[NEW YORK] – Nuvation Bio Inc., a clinical-stage biopharmaceutical company focused on oncology, announced a landmark financing agreement with Sagard Healthcare Partners, securing up to $250 million in non-dilutive capital to accelerate its drug development pipeline. This transaction, comprising a mix of royalty and revenue interest financing, provides Nuvation Bio with immediate and potential future funds to advance its innovative cancer therapies, particularly its lead candidates targeting solid tumors, without diluting shareholder equity.

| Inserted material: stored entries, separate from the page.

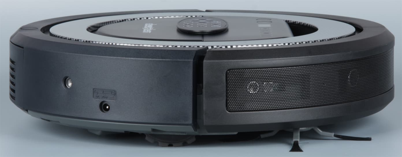 Еще парочка таких датчиков находится на боковой поверхности корпуса ближе к задней части робота. На левом боку больше ничего интересного. На правом боку находятся разъем питания для зарядки минуя базу.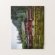 Schönes und ruhiges rotes Jigsaw-Puzzle aus japanischem Tempel.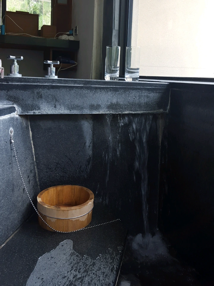 내가 물 온도를 조절하면서 온천물을 받을 수 있어서 너무 뜨거운 물에 오래있지 못하는 사람에게 참 좋다.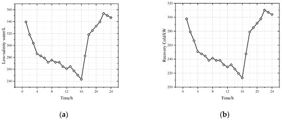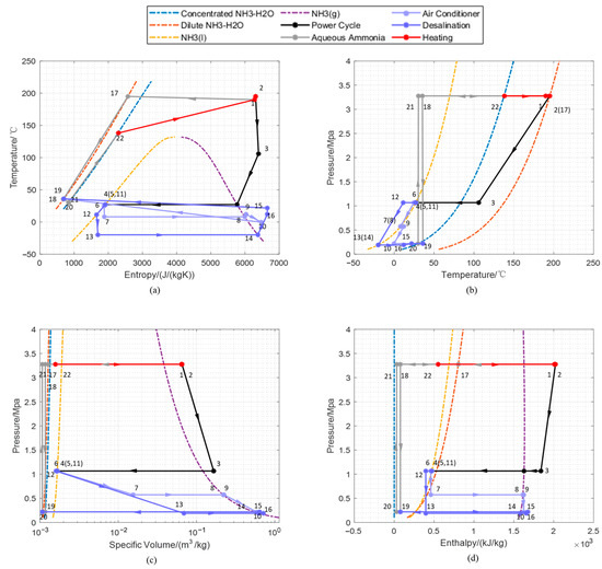 Figure 1 shows a schematic of the cooling-power-desalination combined cycle (CPDCC). In the CPDCC, dilute ammonia–water (22) is fed into the generator and undergoes rectification to produce pure ammonia (1) and concentrated ammonia–water (17). The high-temperature and high-pressure vapor generated as pure ammonia passes through the reheater (2) and drives the rotation of the turbine to perform external work. The exhaust gas from the turbine (3) is directed into the seawater-cooled condenser, where it undergoes condensation to form saturated liquid ammonia (4). The exhaust gas from the turbine (3) is directed into the seawater-cooled condenser, where it undergoes condensation to form saturated liquid ammonia (4). After flow control, the saturated ammonia (4) enters both the air conditioning refrigeration cycle (5) and the cold storage desalination cycle (11). The low-temperature working fluid discharged from the heat exchanger and the evaporator undergoes heat exchange (6, 12) with the condensed ammonia. Subsequently, it is throttled through the throttle valve to the evaporator pressure (7, 13). Upon entering the evaporator, it undergoes the evaporation phase (8, 14) and transforms into saturated ammonia vapor. The heat absorbed during this process can meet the cooling capacity requirements of both the air conditioner and the cold storage. Subsequently, the saturated ammonia vapor is transferred by the heat exchanger (9, 15). The absorber pressure varies due to the different concentrations of ammonia–water. It is either throttled through the throttle valve or boosted to the absorber pressure (10, 16) by the compressor before entering the absorber. The high-temperature concentrated ammonia–water (17), flowing out of the generator, undergoes heat exchange with the low-temperature dilute ammonia–water (21) in heat exchanger I. Following throttling through the throttle valve I to the absorber pressure (19), it enters the absorber, where it combines with pure ammonia to form saturated dilute ammonia–water (20). Subsequently, the saturated dilute ammonia–water (20) is compressed by the working fluid pump (21), and after increasing the temperature (22) through heat exchange it is sent back to the generator for next cycle.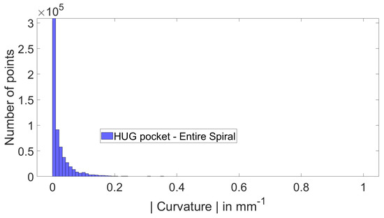 To analyze the entire trajectory, histograms of the toolpath absolute curvature value ( in mm−1) are used as well as and quantiles of named Cut95 and Cut99. These last indicators can quickly give, unlike VPOp, the geometrical quality of a toolpath and, consequently, the possibility of NC to respect the programmed feed rate.

The financing package includes an initial tranche with the flexibility for additional draws, structured to align with Nuvation Bio’s clinical milestones and revenue potential. This capital injection bolsters the company’s efforts to progress its oncology portfolio, including novel small molecule inhibitors designed to address unmet needs in cancer treatment, building on its robust research and development framework. Sagard Healthcare Partners, a division of Sagard, brings its expertise in healthcare investment to this partnership, reinforcing Nuvation Bio’s financial stability as it navigates the costly phases of clinical trials and regulatory approval.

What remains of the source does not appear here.